The Association of Pro-Life Students in Korea has also mobilized, asking for a statement of solidarity from the Vatican. 

Last week the group delivered information about the abortion legislation and letters from college students -- translated from Korean into Italian and English -- to Msgr. Alfred Xuereb, the Apostolic Nuncio to Korea, with “the hope of informing Pope Francis of the current state of matters and earnestly asking for a message for Korean society,” Brother Shin said.

The student association has also been holding weekly workshops via Zoom, discussing abortion regulations in different countries, and medical and scientific studies on abortion. 

South Korean Catholics began a continuous demonstration for the right to life ahead of the Constitutional Court’s decision in April 2019.

“Before the Constitutional Court, congress, and the Blue House, we have been holding a one-person demonstration daily for over 500 days now, to protest against the Court’s decision and urging Congress and the Administration to legislate life-respecting laws,” Brother Shin said.

A group of 40 protesters have alternated taking three daily shifts to ensure that the protest has been continuous since March 12, 2019, even throughout the coronavirus pandemic.

A virtual March for Life has been planned for Sept. 5. Participants will individually walk 1.2 miles and submit photos and videos of their march while pro-life leaders give speeches over Zoom. 

A recent survey conducted by Ipsos MORI found that South Korea has seen a 20% increase from 2014 to 2020 in the number of people who said that they believe abortion should be permitted, while a growing number of people in Europe expressed opposition to abortion.

“Until now, even if the national criminal law has prohibited abortion, people did not follow it because they have lost consciousness of the dignity of life,” Fr.
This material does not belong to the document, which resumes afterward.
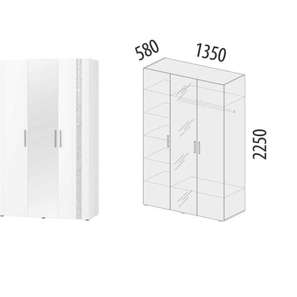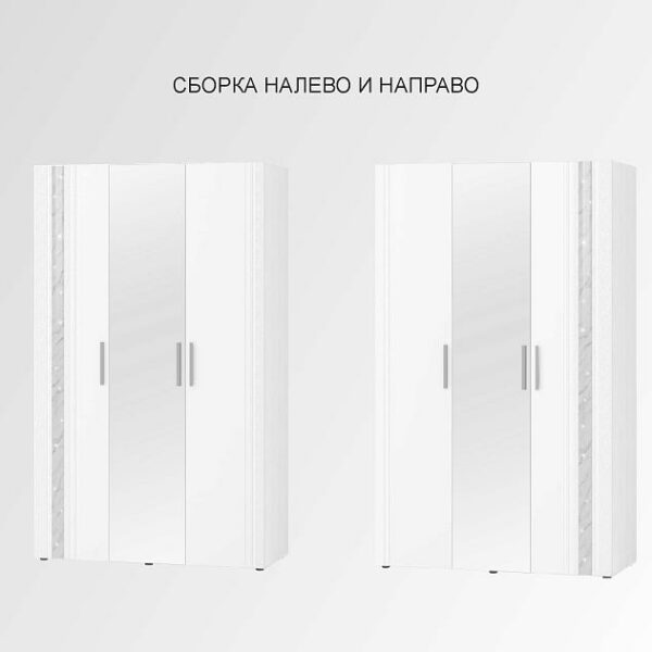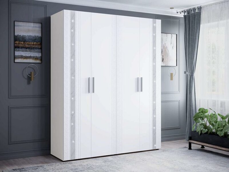 Шкаф четырехдверный в комплекте «Николь 901 312» является частью модульной программы «Николь». Сочетание белоснежных матовых фасадов с нежно-серым мерцающим декором «мрамор» — визитная карточка этой коллекции. Конструктив и дизайн модели продуман до мелочей.

Park said.

He added that the government tried to reduce the rate of birth for economic reasons for many years leading South Korea to have one of the lowest rates of childbirth in the world. 

Pope Francis visited a cemetery for aborted children created by the Congregation of Kkottongnae during his trip to South Korea in August 2014. 

Br. Shin said that the Kkottongnae religious order is currently in the process of building a new home for single mothers and children. The Archdiocese of Seoul has also established a fund to support unmarried women who raise a child on their own.

“Now I think that the number of abortions will increase,” Fr. Park said. “But I will keep saying … that even if a national law allows abortion, the law of our conscience does not allow it.”